Evaluates a masked Pedersen hash on the given input using the given mask. The algorithm is based on the description in https://eprint.iacr.org/2020/190.pdf, which relies on the homomorphic properties of Pedersen hashes. First, the mask is extended to ensure constant hardness - for each bit, 0 => 01, 1 => 10. Then, denoting input bits as m_i, mask bits as p_i and bases as h_i, computes sum of (g_i * 1[p_i = 0] + g_i^{-1} * 1[p_i = 1])^{m_i \xor p_i} for all i. Finally, the hash of the mask itself, being sum of h_i^{p_i} for all i, is added to the computed sum. This algorithm ensures that each bit in the hash is affected by the mask and that the final hash remains the same as if no mask was used.

impl<F, G, GG, S> MaskedCRHGadget<PedersenCompressedCRH<G, S>, F> for PedersenCompressedCRHGadget<G, F, GG> where
    G: Group + ProjectiveCurve,
    S: PedersenSize,
    F: PrimeField,
    GG: CompressedGroupGadget<G, F>, [src]
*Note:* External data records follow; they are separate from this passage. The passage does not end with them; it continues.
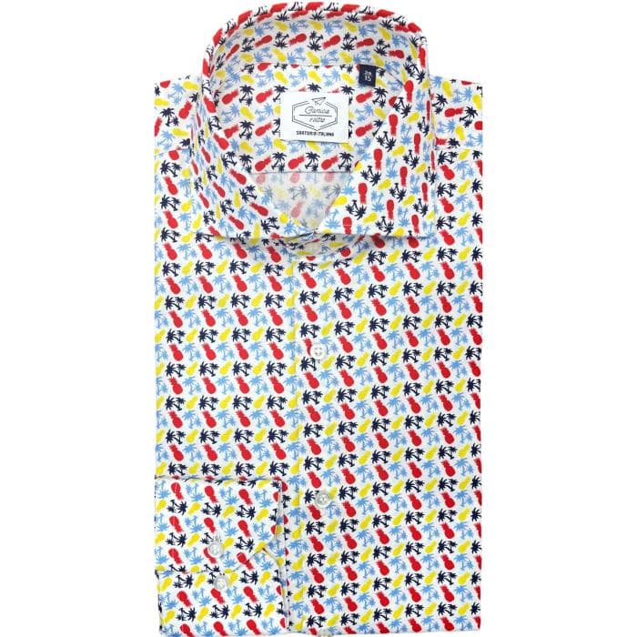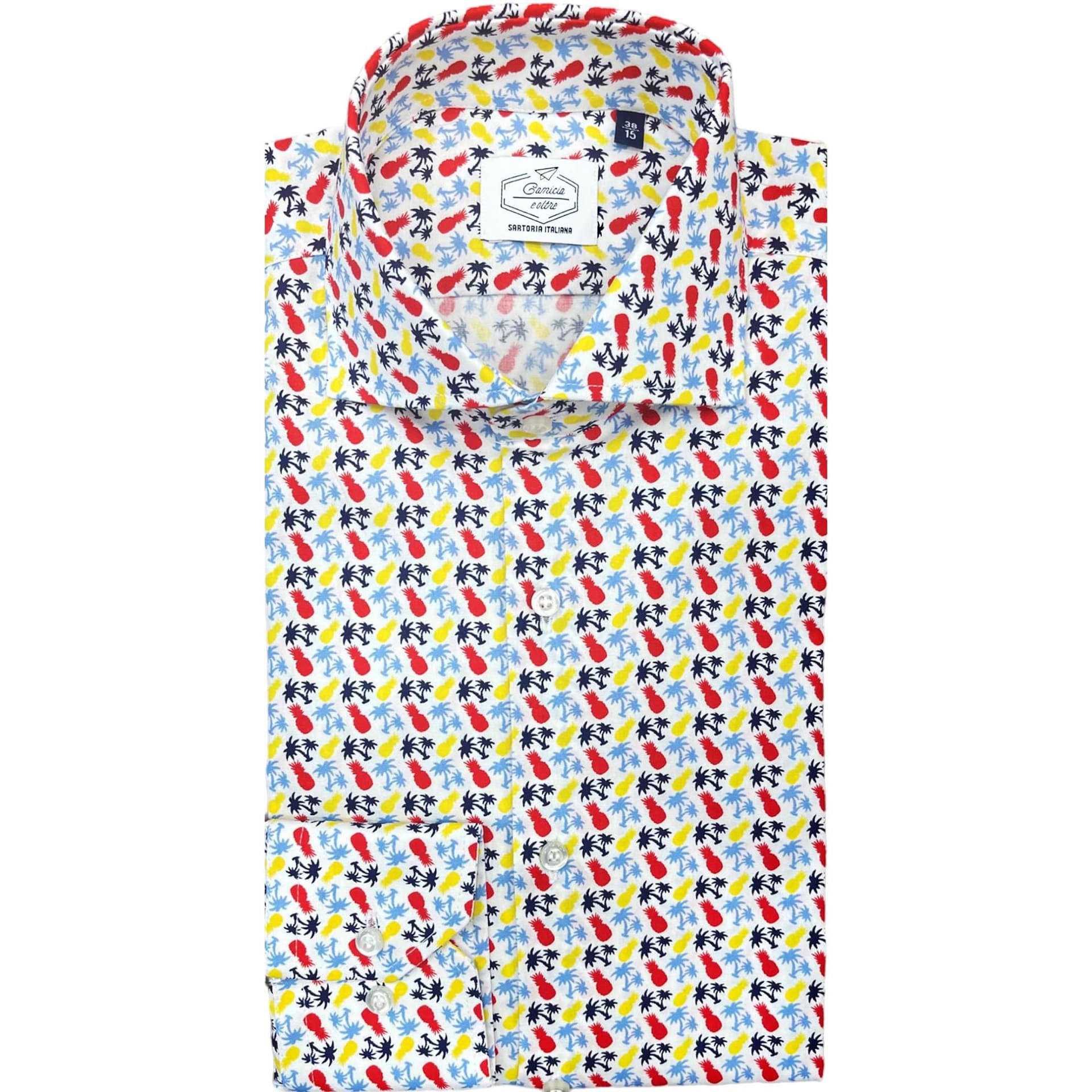 Nuova collezione estiva firmata Camicia e Oltre. Fresca camicia uomo con colorata fantasia estiva, in puro cotone. Colletto alla Francese realizzato a mano. Vestibilità Slim/Regular. Manica lunga.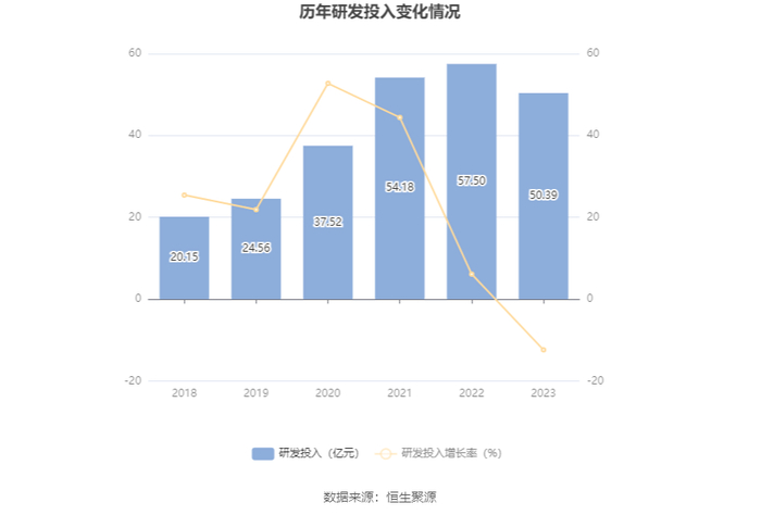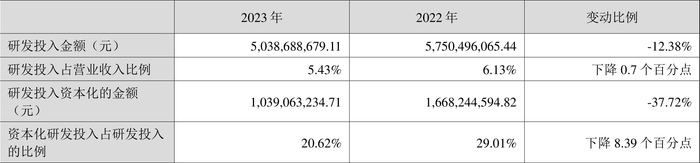 2023年全年,公司研发投入金额为50.39亿元,同比下降12.38%;研发投入占营业收入比例为5.43%,相比上年同期下降0.70个百分点。此外,公司全年研发投入资本化率为20.62%。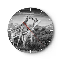 Reloj de pared - Reloj de vidrio - Una fotografía en blanco y negro de dos jirafas en la sabana. - 30x30cm - La clase alta de África - Decoración de pared moderna para salón, cocina y dormitorio ARTTOR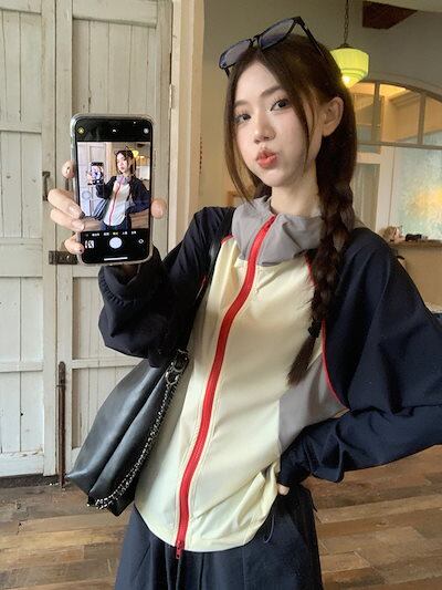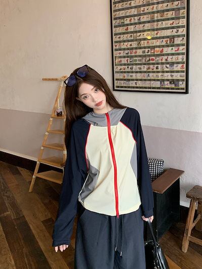 2024秋冬アウター パーカー ジップ チャック フード付き コントラスト 秋 おしゃれ かわいい 韓国ファッション レディース お出かけ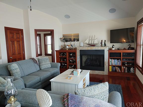Wonderful Opportunity for an upscale 5 bedroom canalfront home with elevator, pool, boat dock and incredible sound views. Each bedroom has a private bath, two baths feature spacious custom tilework showers. The great room with cathedral ceilings, Brazilian Cherry hardwood floors and custom shelving, lives large toward the sound and endless views. The kitchen is sure to please any chef with high-end cabinetry, granite countertops, gas countertop range, double wall ovens and pantry closet. The 3 bedrooms on the mid-level each have sliders to decks with sound views. The family room/den gathering place with wet bar and full refrigerator could also be used as a game room. The large 16’ x 32’ heated pool is a wonderful place for family and friends to gather. The boat dock with fish cleaning table on the canal leads to the Pamlico Sound for those who love to play on the water. There is a storage room for beach and fishing gear and more storage under the house for kayaks, paddle boards or canoe. This home must be seen to be appreciated. Schedule a tour soon.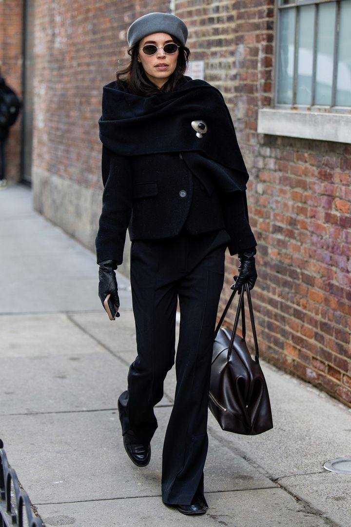 オールブラックの装いにストールを巻いた、都会派かつミステリアスなスタイリング。有機的なフォルムのブローチが、洗練された大人のアクセントとして効果的。

pub fn check_evaluation_gadget_masked<CS>(
    cs: CS,
    parameters: &<PedersenCompressedCRHGadget<G, F, GG> as CRHGadget<PedersenCompressedCRH<G, S>, F>>::ParametersGadget,
    input: Vec<UInt8, Global>,
    mask_parameters: &<PedersenCompressedCRHGadget<G, F, GG> as CRHGadget<PedersenCompressedCRH<G, S>, F>>::ParametersGadget,
    mask: Vec<UInt8, Global>
) -> Result<<PedersenCompressedCRHGadget<G, F, GG> as CRHGadget<PedersenCompressedCRH<G, S>, F>>::OutputGadget, SynthesisError> where
    CS: ConstraintSystem<F>, [src]